Под передником у Микки тонкий поясок и кобура с пистолетом. Маленький офицерский «вальтер». Справлюсь ли я с ней одной рукой? Я привстаю и, задохнувшись, падаю на подушку. Ни черта не выйдет! Проклятая слабость! Или это к лучшему — судьба сама предупреждает Одиссея: «Не спеши!» Допустим, мне удастся обезоружить шарфюрера Больц; допустим, «вальтер» окажется у меня в руках. Что дальше? Бежать?… А двое внизу у выхода? Еще один в комнате консьержа и двое во дворе. Останется только пустить пулю в лоб… Ну это никогда не поздно — умереть…
Тошнота клубком вязнет в горле. Я сглатываю кислую слюну и закрываю глаза. Думай, Огюст! Мысль — единственное оружие, оставшееся тебе.
Отдышавшись, я с удовольствием воображаю забавную картинку: вазу, третью от спуска к музею Гревен, и ее содержимое, глубокомысленно изучаемое экспертами гестапо. Я отчетливо видел, что один из них украдкой подобрал окурок, брошенный Птижаном на дорожку, и засек вазу, куда я спровадил предыдущий. Теперь химикам, трассологам и криптографам хватит работы как минимум на сутки. И что самое смешное — ни один из окурков не содержит шифровки.
— Штурмбаннфюрер просил узнать, будете ли вы гулять сегодня?
Микки кладет вязанье на колени и ждет ответа.

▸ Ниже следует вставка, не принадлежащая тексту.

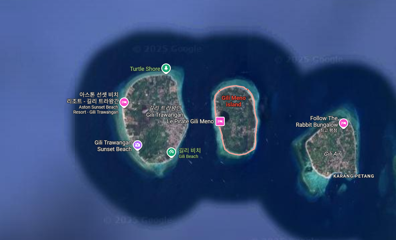 길리 메노 (Gili Meno): 세 섬 중에서 가장 고요하고 평화로운 분위기를 자랑해요. 사람도 가장 적어서 정말 '무인도' 같은 느낌을 원하신다면 딱입니다. 로맨틱한 휴양을 원하는 커플들에게 특히 추천해 드려요. 잔잔한 파도 소리를 들으며 온전한 휴식을 취하기에 최고의 장소랍니다.
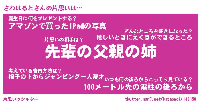| ファンタジー風あだ名 | 『サワフェル』『エターナルサワハルトー』 |
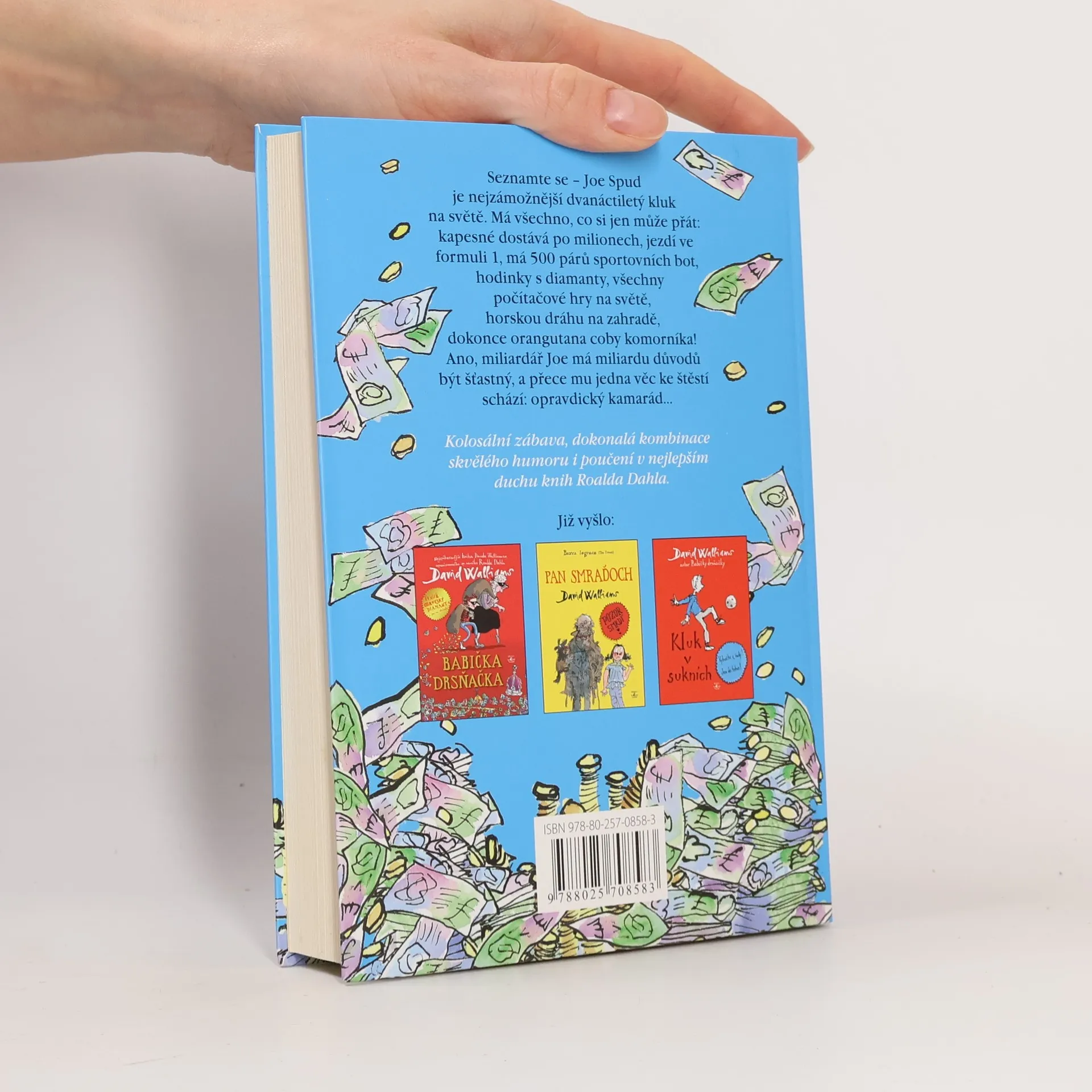 Joe je boháč, přesně řečeno nejbohatší dvanáctiletý kluk v celé Británii. Má všechno, nač si vzpomene: vůz formule 1, kino, pět set párů sportovních bot, orangutana jako sluhu. A přece mu něco důležitého chybí: kamarád… Poprosí proto tátu, aby směl chodit (světe, div se!) do docela obyčejné školy, inkognito! Tím rozpoutá sérii bláznivých situací a neuvěřitelných trapasů, na jejímž konci Joe zjišťuje, že peníze a bohatství ke štěstí nestačí. David Walliams vypráví o věcech, které jsou k pláči, tak brilantně a s takovou dávkou skvělého humoru, že budete plakat smíchy. Právem je kritiky označován za nového Roalda Dahla.
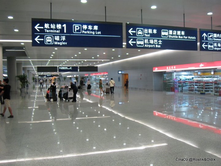 Zpráva z večera: Cesta sem vyšla jednoho zhruba na 6 tisíc korun. Emirates mají opravdu špičkový servis, po večeři jsme dostali balíček s náhradními ponožkami, kartáčkem na zuby, pastou a přikrývkou očí pro klidný spánek, všechno s logem přepravce jako dárek. Maglev super, rychlost není skoro vůbec znát, akorát okolo ubíhá krajina. Hostel v centru u Lidového Náměstí (People\'s Square) útulný, čistý, foto bude zítra na webu. Ve vybavení je koupelna, televize a počítač, klimatizace, servis, anglicky mluvící ochotný personál včetně američanky žijící zde a zařizující vše potřebné mluvící perfektně čínsky za cca 125Kč na noc na jednoho. Ceny jídla neskutečně nízké, kompletní večeře na jednoho s polévkou a pitím cca 15RMB, což je asi 40Kč. Učili jsme se jíst hůlkama, nutno říci že docela úspěšně. Na ulici jde potkat žebráky, chovejte se nenápadně, jejich přítomnost prostě ignorujte a nedávejte najevo svoji movitost. Rosťa a Oldřiška
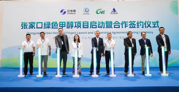 近日,河北張家口綠醇項目啟動儀式在張家口隆重舉行。海珀爾與中基新能、中基新能與韓國綠色能源聯盟分別簽署合作協議。海珀爾新能源、億華通、中基新能、韓國綠色能源聯盟、意大利船級社RINA、中遠海運物流供應鏈有限公司等國內外行業領軍機構代表及行業專家出席活動。
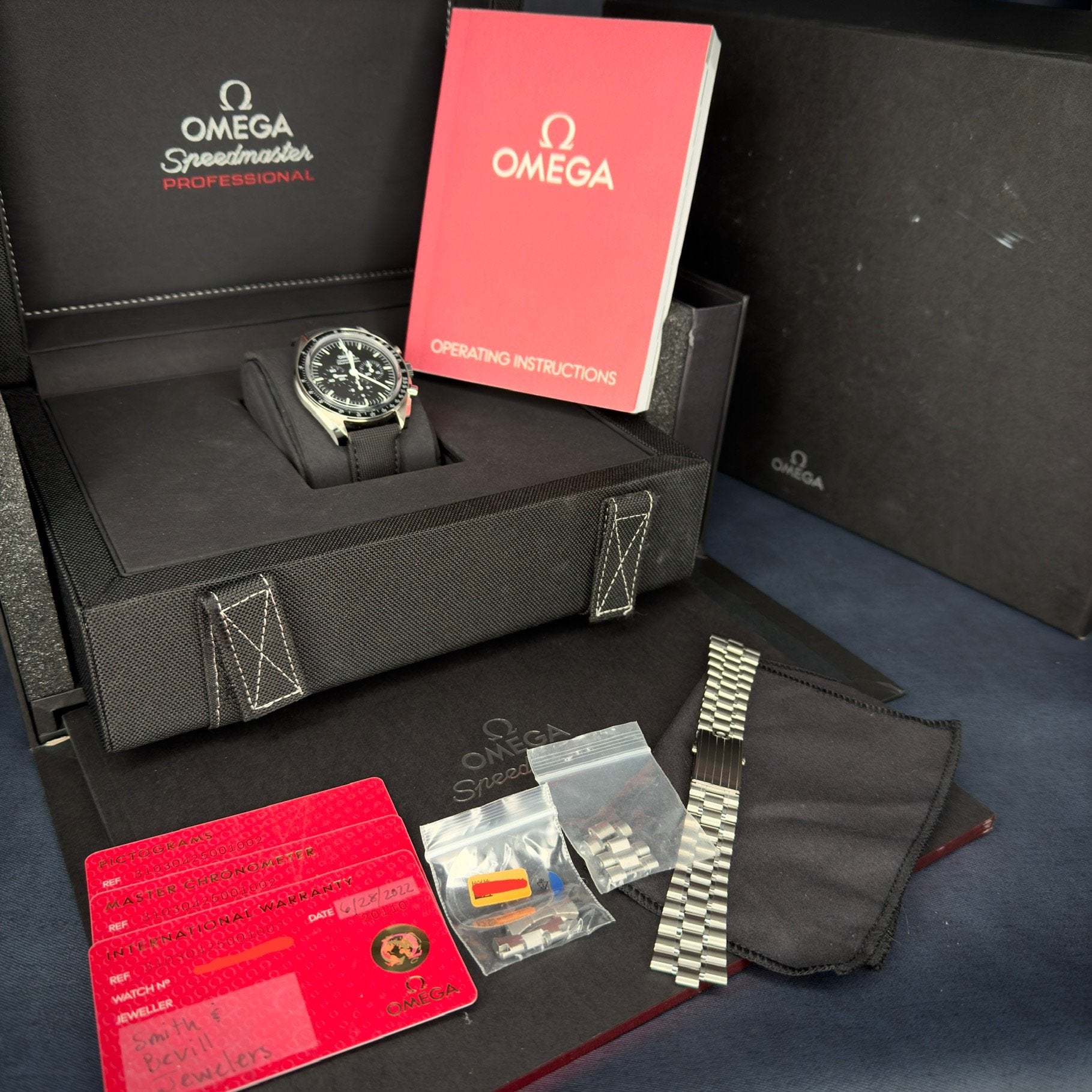 This example comes as watch, warranty card valid through June of 2027, pictogram card, Master Chronometer card, Operation Instructions booklet, extra links and endlinks, the Moonwatch booklet, and an extra Omega nylon strap!

— Может быть… Сначала отдохну…
— Очень больно?
Что с ней происходит? Простые человеческие вопросы, не замутненный ненавистью взгляд. Ночью Микки отсутствовала; ее заменил один из охранников, дремавший в прихожей. Где она была — у Варбурга?…
СС-бригаденфюрер Варбург. Он интригует меня больше всего остального. Он сидит в тени, невидимый и неслышимый, и все-таки бытие Огюста Птижана развивается не без его участия. Эрлих всего лишь проводник чужих приказов и воли, посредник между резидентом Стивенсом и эсэсовским генералом. А что если Варбург верит в Стивенса всерьез?… Я и раньше был склонен думать так, а сейчас постепенно все больше и больше укрепляюсь в этой мысли. Ради Варбурга стоит ждать. И из-за него же мне необходимо сегодня побывать на бульваре Монмартр.
— Сколько сейчас, Лотта?
— Десять тридцать пять.
— Часа в четыре разбудите меня.
Сон, суматошный, но глубокий, приходит ко мне по первому зову. Отрывочные видения, в которых Варбург почему-то предстает в виде старого слона с ушами-опахалами. Рядом со слоном — Фогель: растерянная физиономия, остекленевшие глаза и мундир без погон. Я догадываюсь, что это пророчество, знамение свыше, и так и говорю Варбургу: «Наши имена занесены рядом в книгу судеб…» Лицо Варбурга последнее, что я вижу во сне, ибо Микки трясет меня за плечо.
— Четыре часа.
— А? — говорю я и вытираю с подбородка ниточку слюны. — Что такое?
— Штурмбаннфюрер прислал машину. Доктор Гаук считает, что вам все-таки надо погулять. Вы пойдете?
— Сначала кофе, Лотта!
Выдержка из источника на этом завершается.